Police officers respond to crises, to a violent situation, to a
family conflict, and to someone brandishing a weapon.
It is not often that a police officer responds to a friendly
situation. They respond to conflict, so they put their lives in harm's
way for all of us in America.
Neighborhoods across the country expect police officers to show up
when they call upon them to protect them.
This week is the week where we stand up here in the Nation's Capitol
and recognize the men and women in uniform that protect our families,
our neighborhoods, our cities, and our States.
For us here in the House of Representatives, and for me in
particular, I am forever grateful to the heroic officers who protected
the Capitol.
I will forever remember the 140 officers who were injured and the
five who lost their lives as a result of the attack on January 6 right
in this Chamber.
They didn't determine whether the Member was a Republican Member or
whether the Member was a Democrat Member.
They came to protect our lives, and in many ways, they also showed up
here confronting a violent, racist mob to protect democracy, to protect
the House of Representatives, and on the other side, to protect the
Senate.
[[Page H3278]]
I take this opportunity, Madam Speaker, to recognize the officers
that lost their lives: Brian Sicknick, a Capitol Police officer who
died from causes the day after the attack; Howard Liebengood from the
Capitol Police as well; Jeffrey Smith from the Metropolitan Police
Department; Gunther Hashida from the Metropolitan Police Department;
and Kyle DeFreytag from the Metropolitan Police Department.

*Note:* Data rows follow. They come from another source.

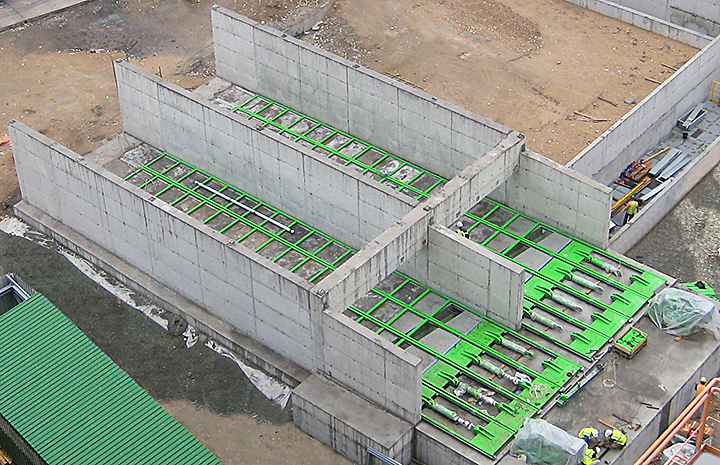The Discharge System PushFLOOR is designed for the discharge of poor-flowing bulk materials from silos, bunkers and comparable storage structures. It is particularly applied in installations with large storage cross-sections and demanding material characteristics.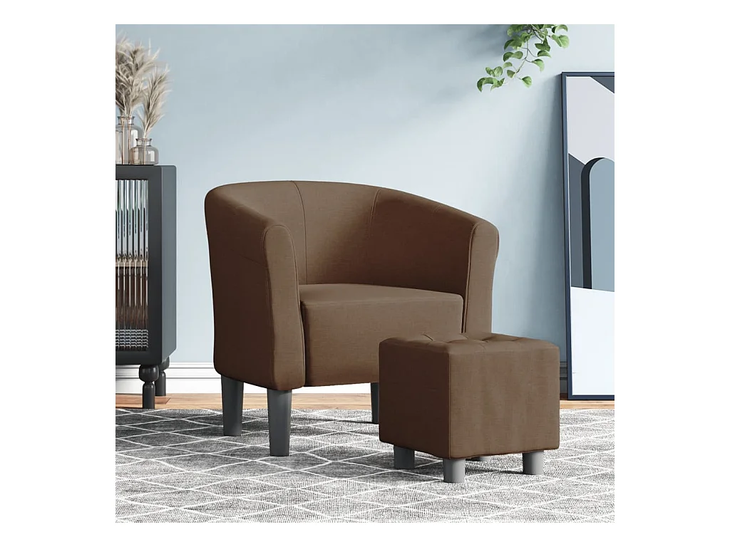 Kuipstoel met voetenbankje kunstleer bruin NL428695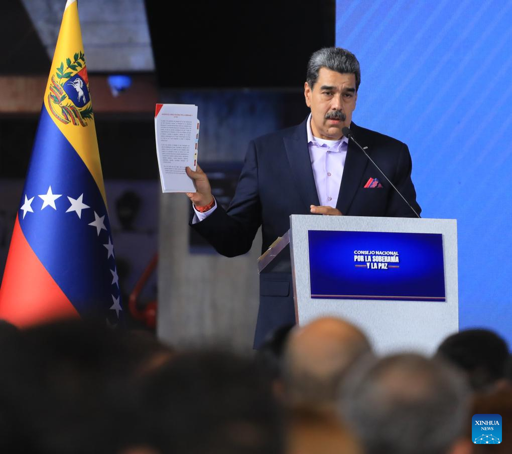 Imagen proveída por la Presidencia de Venezuela del presidente venezolano, Nicolás Maduro, hablando durante una reunión del Consejo Nacional por la Soberanía y la Paz, en Caracas, Venezuela, el 15 de octubre de 2025. Maduro calificó el miércoles como un "éxito absoluto" la activación y el cumplimiento de las tareas en las Zonas Operativas de Defensa Integral, para el fortalecimiento de la soberanía nacional. (Xinhua/Presidencia de Venezuela)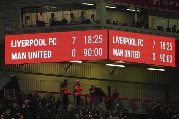 這是2022/23賽季英超第26輪的比賽結(jié)果,當(dāng)時(shí)利物浦主場(chǎng)7-0戰(zhàn)勝曼聯(lián),是曼聯(lián)隊(duì)史在英超遭遇的最慘痛失利之一。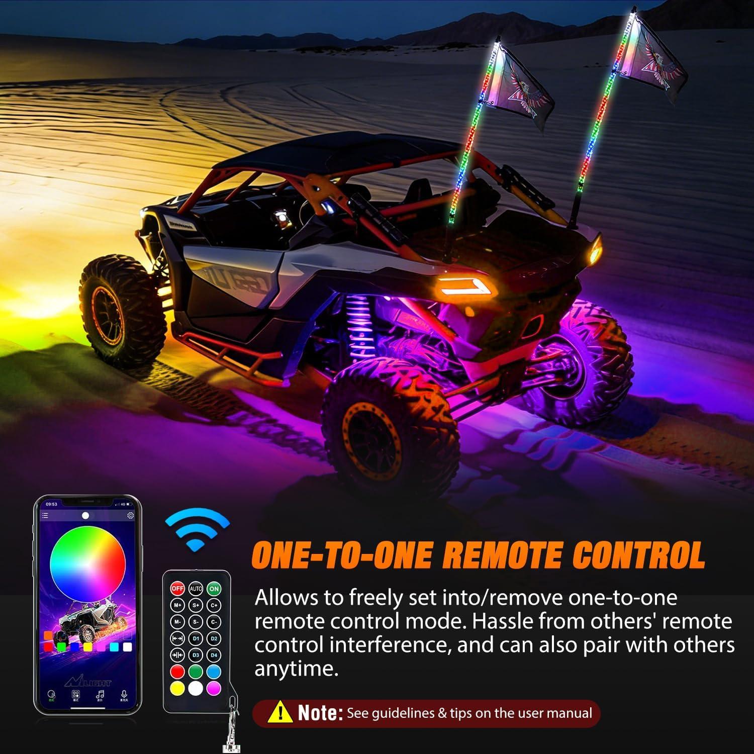 Nilight 2PCS 3FT RGB LED Whip Light with Spring Base and 6 PCS Rock Lights Combo, Remote App Control w/DIY Chasing Patterns Turn Signal Brake Reverse Antenna Lighted Whips for ATV UTV Polaris RZR Jeep(4FT -2PCS)

I am grateful for the brave officers also that testified in front of
the January 6 committee: Officer Michael Fanone; Officer Harry Dunn; a
New Yorker, Brooklynite, Police Sergeant Aquilino Gonell; and Officer
Daniel Hodges.
It has been more than a year since Congress agreed to install a
plaque to honor the officers who defended this very Capitol during the
January 6 attack. I brought a poster of that plaque that has not yet
been installed.
We can talk all the fanfare we want about how great the police
department is here in the metropolitan D.C. area and across the
country, but we have failed for over a year to properly recognize the
Capitol Police officers and the local police departments that protected
our very own lives.
We have failed to install the plaque, and that is why I bring this
poster of it to show the American people that we want to honor not just
all the police officers across the country but also the ones that
defended this Capitol and protected us from an angry, violent mob whose
intent was to kill Nancy Pelosi and whose clear intent was to
assassinate Vice President Pence.
They made no distinction on our political affiliation here in this
Chamber. They weren't going to ask us for our pin or our voting card
and whether we are a Republican or a Democrat. They will have made no
distinction.
Yet, the police officers were here, and we have failed to properly
honor them.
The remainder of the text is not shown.